Work order:
Please output the data exactly, minus pictures.

Record extracts:

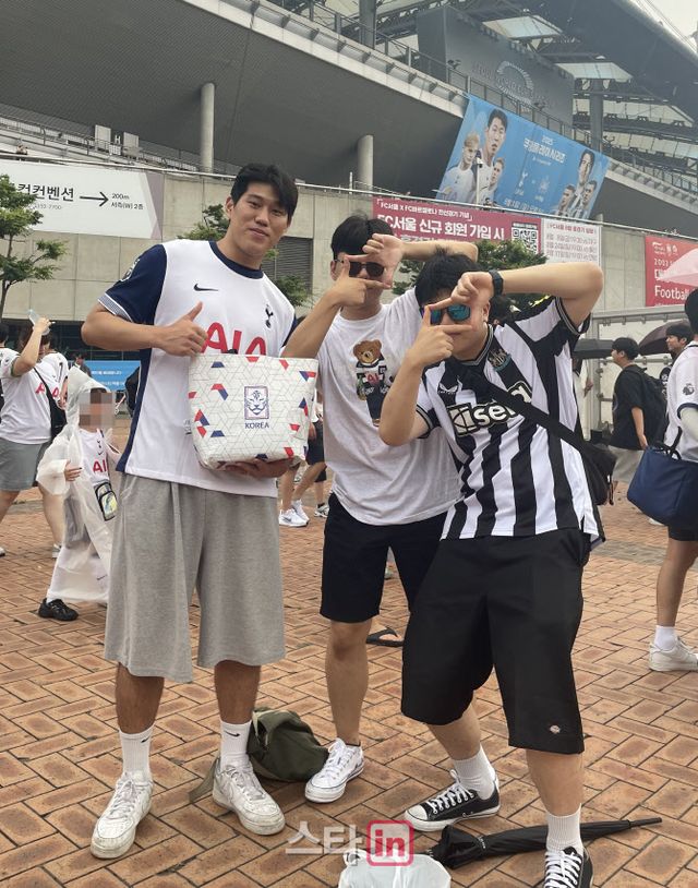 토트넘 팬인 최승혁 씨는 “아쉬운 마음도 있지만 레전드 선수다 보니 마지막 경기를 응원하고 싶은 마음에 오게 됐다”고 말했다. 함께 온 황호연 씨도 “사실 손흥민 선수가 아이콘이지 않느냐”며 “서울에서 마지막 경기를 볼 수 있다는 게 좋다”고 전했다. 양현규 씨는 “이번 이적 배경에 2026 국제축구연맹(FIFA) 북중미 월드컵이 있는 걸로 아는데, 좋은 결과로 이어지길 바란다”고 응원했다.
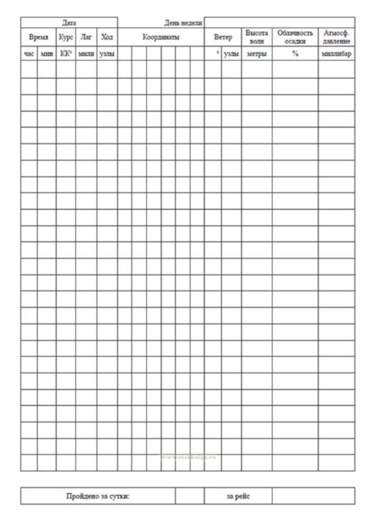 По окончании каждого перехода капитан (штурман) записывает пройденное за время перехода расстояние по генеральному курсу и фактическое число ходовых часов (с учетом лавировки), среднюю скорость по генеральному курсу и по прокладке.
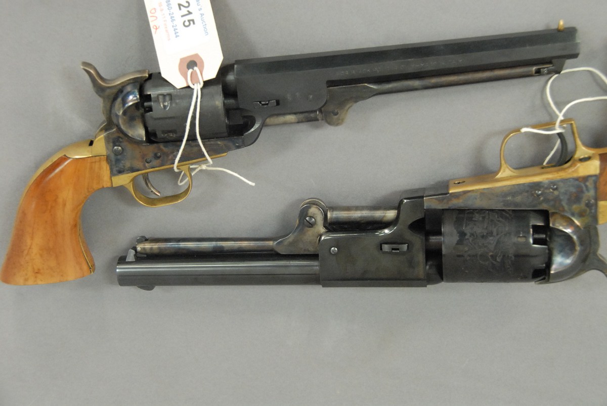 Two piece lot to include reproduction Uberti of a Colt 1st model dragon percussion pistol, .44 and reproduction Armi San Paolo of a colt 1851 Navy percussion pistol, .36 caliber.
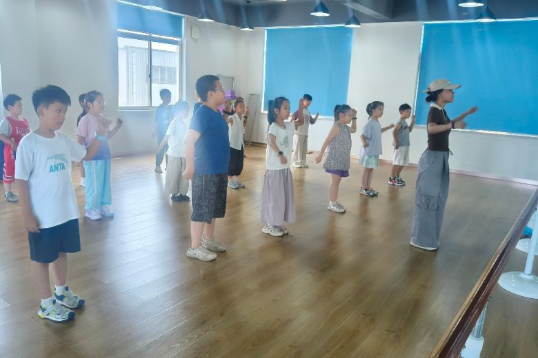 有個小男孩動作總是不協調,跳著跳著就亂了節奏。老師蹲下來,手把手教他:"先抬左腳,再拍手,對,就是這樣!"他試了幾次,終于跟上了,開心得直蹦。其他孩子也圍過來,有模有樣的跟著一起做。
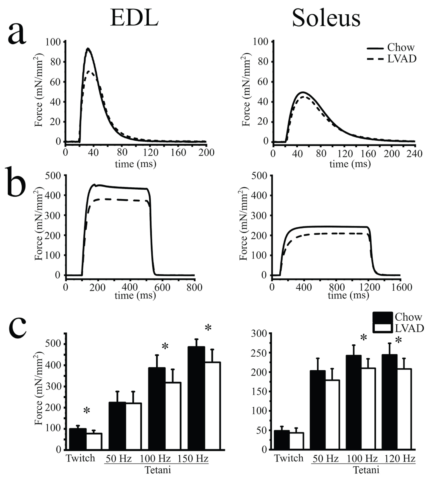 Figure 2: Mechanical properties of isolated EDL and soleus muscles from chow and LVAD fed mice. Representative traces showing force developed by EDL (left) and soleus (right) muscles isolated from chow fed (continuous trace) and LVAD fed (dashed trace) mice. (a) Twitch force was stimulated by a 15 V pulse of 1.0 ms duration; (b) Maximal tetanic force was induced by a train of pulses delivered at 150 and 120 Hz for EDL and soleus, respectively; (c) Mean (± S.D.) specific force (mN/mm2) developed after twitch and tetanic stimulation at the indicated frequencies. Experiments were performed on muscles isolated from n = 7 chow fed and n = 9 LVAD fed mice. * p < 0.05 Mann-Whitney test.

Exercise result:
 토트넘 팬인 최승혁 씨는 “아쉬운 마음도 있지만 레전드 선수다 보니 마지막 경기를 응원하고 싶은 마음에 오게 됐다”고 말했다. 함께 온 황호연 씨도 “사실 손흥민 선수가 아이콘이지 않느냐”며 “서울에서 마지막 경기를 볼 수 있다는 게 좋다”고 전했다. 양현규 씨는 “이번 이적 배경에 2026 국제축구연맹(FIFA) 북중미 월드컵이 있는 걸로 아는데, 좋은 결과로 이어지길 바란다”고 응원했다.
 По окончании каждого перехода капитан (штурман) записывает пройденное за время перехода расстояние по генеральному курсу и фактическое число ходовых часов (с учетом лавировки), среднюю скорость по генеральному курсу и по прокладке.
 Two piece lot to include reproduction Uberti of a Colt 1st model dragon percussion pistol, .44 and reproduction Armi San Paolo of a colt 1851 Navy percussion pistol, .36 caliber.
 有個小男孩動作總是不協調,跳著跳著就亂了節奏。老師蹲下來,手把手教他:"先抬左腳,再拍手,對,就是這樣!"他試了幾次,終于跟上了,開心得直蹦。其他孩子也圍過來,有模有樣的跟著一起做。
 Figure 2: Mechanical properties of isolated EDL and soleus muscles from chow and LVAD fed mice. Representative traces showing force developed by EDL (left) and soleus (right) muscles isolated from chow fed (continuous trace) and LVAD fed (dashed trace) mice. (a) Twitch force was stimulated by a 15 V pulse of 1.0 ms duration; (b) Maximal tetanic force was induced by a train of pulses delivered at 150 and 120 Hz for EDL and soleus, respectively; (c) Mean (± S.D.) specific force (mN/mm2) developed after twitch and tetanic stimulation at the indicated frequencies. Experiments were performed on muscles isolated from n = 7 chow fed and n = 9 LVAD fed mice. * p < 0.05 Mann-Whitney test.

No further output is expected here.